# Web scraper

This script scrapes the all the links on "https://choicebroking.freshdesk.com/support/solutions", retrieves articiles and stores it in separate documents that acts as a knowledge base for our QnA app.

## Installing Libraries

In [2]:
!pip install beautifulsoup4

Defaulting to user installation because normal site-packages is not writeable


## Importing Libraries

In [3]:
import requests
from bs4 import BeautifulSoup

## Scraping for sections

Each section will be a file/document

In [4]:
import requests
from bs4 import BeautifulSoup

# URL of the webpage to scrape
url = 'https://choicebroking.freshdesk.com/support/solutions'

# Send a request to fetch the HTML content of the webpage
response = requests.get(url)

# Parse the HTML content using BeautifulSoup
soup = BeautifulSoup(response.content, 'html.parser')

# Find all div tags with class 'cs-s'
divs = soup.find_all('div', class_='cs-s')

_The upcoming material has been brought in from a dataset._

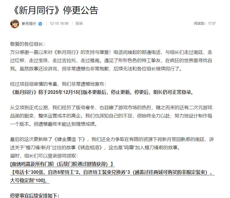《新月同行》于2024年10月24日正式公测,截至今日宣布停更消息,也不过运营了一年出头。

# Initialize a list to store the anchor tags
sections = []

# Iterate through each div to find h3 tags and then the anchor tags within them
for div in divs:
    h3 = div.find('h3', class_='heading')
    if h3:
        anchor = h3.find('a')
        if anchor:
            sections.append({
                "section": anchor.text, 
                "url": f"https://choicebroking.freshdesk.com{anchor['href']}"
            })

# Print the list of anchor tags
print(sections)

[{'section': 'Updates & Releases', 'url': 'https://choicebroking.freshdesk.com/support/solutions/22000109390'}, {'section': 'General', 'url': 'https://choicebroking.freshdesk.com/support/solutions/22000017154'}, {'section': 'Stocks', 'url': 'https://choicebroking.freshdesk.com/support/solutions/22000108822'}, {'section': 'Mutual Funds', 'url': 'https://choicebroking.freshdesk.com/support/solutions/22000108824'}, {'section': 'Stratezy', 'url': 'https://choicebroking.freshdesk.com/support/solutions/22000108825'}, {'section': 'Jiffy Global', 'url': 'https://choicebroking.freshdesk.com/support/solutions/22000108826'}, {'section': 'Secured Products', 'url': 'https://choicebroking.freshdesk.com/support/solutions/22000108827'}, {'section': 'Insurance', 'url': 'https://choicebroking.freshdesk.com/support/solutions/22000108899'}, {'section': 'Loan', 'url': 'https://choicebroking.freshdesk.com/support/solutions/22000109076'}, {'section': 'Product', 'url': 'https://choicebroking.freshdesk.com/sup

## Scraping for links in a section

Each link will be a QnA pair

In [5]:
sections[0]['url']

'https://choicebroking.freshdesk.com/support/solutions/22000109390'

In [6]:
for section in sections:
    section_url = section['url']

    # Send a get request to the url
    response = requests.get(section_url)

    # Parse the HTML document
    soup = BeautifulSoup(response.content, 'html.parser')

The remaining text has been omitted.